PROBLEM STATEMENT:
Write again exactly the lines in the listing below, starting at the line with "Stop scooping. Start" and ending at the line with "KUDĚLKA, MICHAL /Družina", both included. Pictures are not copied.

GIVEN ENTRIES:
-- Opening Marker --

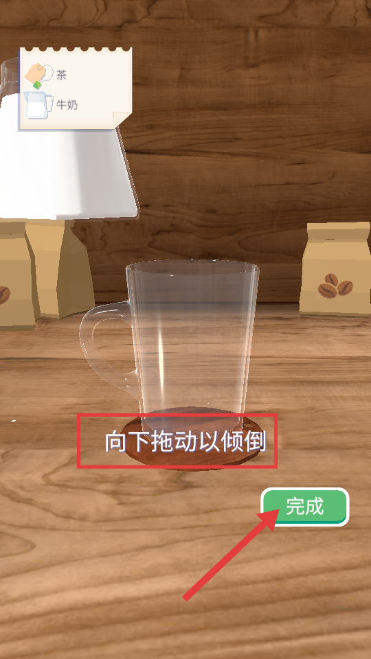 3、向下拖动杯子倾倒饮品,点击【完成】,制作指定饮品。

-- Closing Marker --
-- Opening Marker --

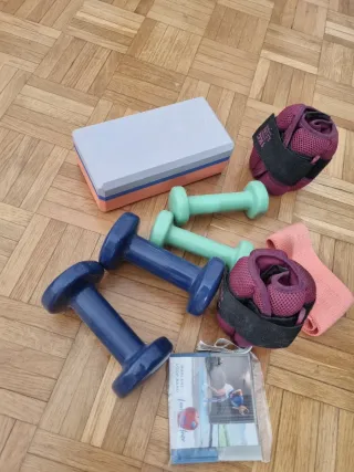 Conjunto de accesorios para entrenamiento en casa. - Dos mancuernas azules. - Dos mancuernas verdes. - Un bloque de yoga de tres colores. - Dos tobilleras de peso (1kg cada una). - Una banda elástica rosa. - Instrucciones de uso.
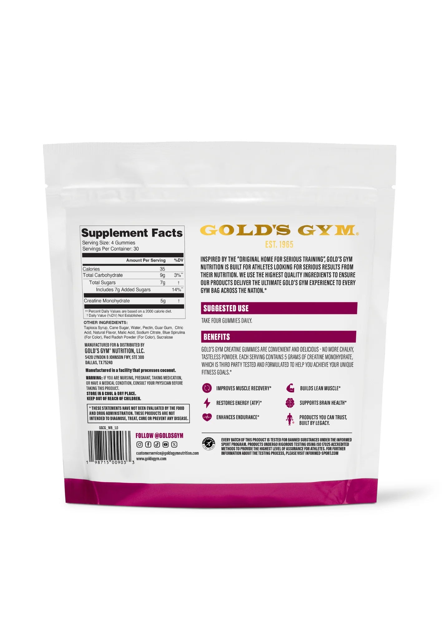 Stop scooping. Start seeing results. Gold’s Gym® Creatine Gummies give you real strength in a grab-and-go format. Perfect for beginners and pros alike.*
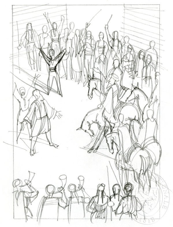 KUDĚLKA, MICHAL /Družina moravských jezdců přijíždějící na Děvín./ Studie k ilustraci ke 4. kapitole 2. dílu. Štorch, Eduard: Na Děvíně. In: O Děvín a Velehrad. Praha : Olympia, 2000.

-- Closing Marker --

EXERCISE SOLUTION:
 Stop scooping. Start seeing results. Gold’s Gym® Creatine Gummies give you real strength in a grab-and-go format. Perfect for beginners and pros alike.*
 KUDĚLKA, MICHAL /Družina moravských jezdců přijíždějící na Děvín./ Studie k ilustraci ke 4. kapitole 2. dílu. Štorch, Eduard: Na Děvíně. In: O Děvín a Velehrad. Praha : Olympia, 2000.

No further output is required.